Владислав Алексеевич скрылся за дверью так резво, словно его втянула внутрь невидимая рука. Впрочем, не исключено, что так оно и было.

Данилов сам не заметил, как заснул. Спать пришлось недолго — сначала запищал один из мониторов, затем — другой, а там и прооперированного мужика с ножевым ранением брюшной полости привезли, затем «скорая» по какой-то неведомой дури привезла парня с некупируемым носовым кровотечением, и Владислав Алексеевич долго препирался с бригадой.

— Куда вы его, нахрен, привезли? — вопрошал он. — Вы что, не знаете, что у нас нет ЛОР-отделения?
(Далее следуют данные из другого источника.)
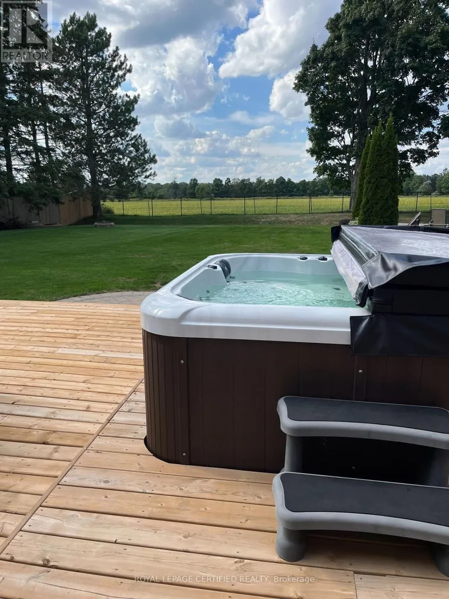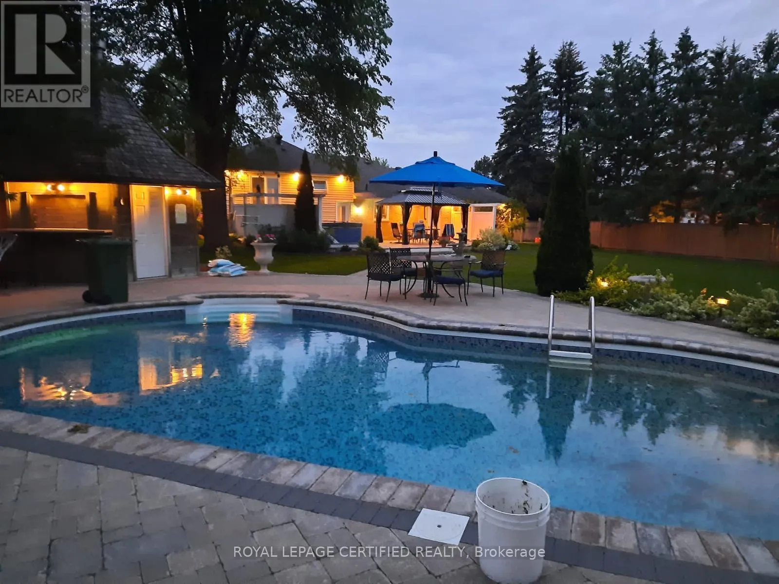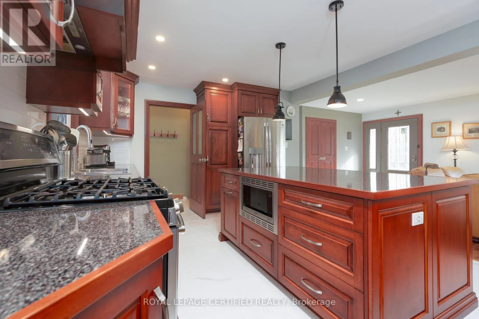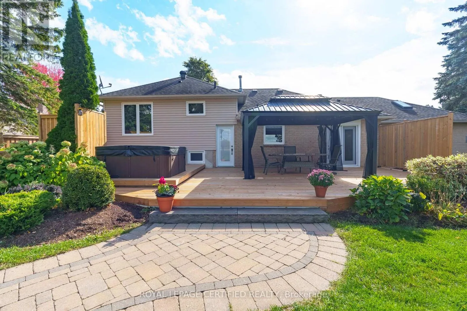 Hurontario St/Charleston Sdrd Welcome home to this Cozy 3-bedroom family gem . The upper level offers 3 spacious bedrooms, a 4-piece bath with a heated floor. Primary BR with double closets. The main floor flows beautifully with ceramic tile from the entrance through the bright, updated kitchen and hardwood floors in the cozy living and dining rooms. Living Room with gas fireplace and Skylight. Step outside to a brand-new 2-level deck (2025) with hot tub perfect for family fun. The private backyard oasis features a heated inground kidney-shaped pool, a change house and a garden Shed with no homes behind. A separate entrance leads to the lower level with family room, office, gas fireplace, 3-pc bath with heated floor, and large windows. The basement adds a rec room, 5th bedroom, heated floors and laundry. The 2-car garage is converted to a nanny suite with gas fireplace and 3-pc bath. Interlocking Stone(2020) and 200-amp Service complete this wonderful home. (id:27476)

Первый раз замужем, да?

— А что вы на нас бочку катите? — не менее экспансивно оборонялся врач «скорой помощи». — Мы что — сами решаем, кого куда везти? На Центре сказали — вези в сто тридцать третью, мы и привезли. Распишитесь, пожалуйста!

— И не подумаю! Запрашивайте место по новой…

— Хорошо, я запрошу! — наконец сказал врач «скорой помощи». — Но о вашем поведении я тоже сообщу. Как ваша фамилия?

— Для тех, кто не умеет читать, — Владислав Алексеевич ткнул пальцем в бейдж, висевший у него на груди, — сообщаю, что моя фамилия Кочерыгин! Кочерыгин вэ а!

Пациент, носовая полость которого была полностью затампонирована, флегматично лежал на каталке, дышал ртом и смотрел в потолок, изображая полную покорность судьбе. После переговоров с Центром «скорая» уехала вместе с пациентом.

— Цирк! — воскликнул Владислав Алексеевич и пригласил Данилова на утренний обход.

— Как впечатления от дежурства?

— Нормально, — ответил Данилов.

Что еще можно было ответить?

— Самому-то что больше нравится — за ногу с того света вытаскивать или наркоз давать?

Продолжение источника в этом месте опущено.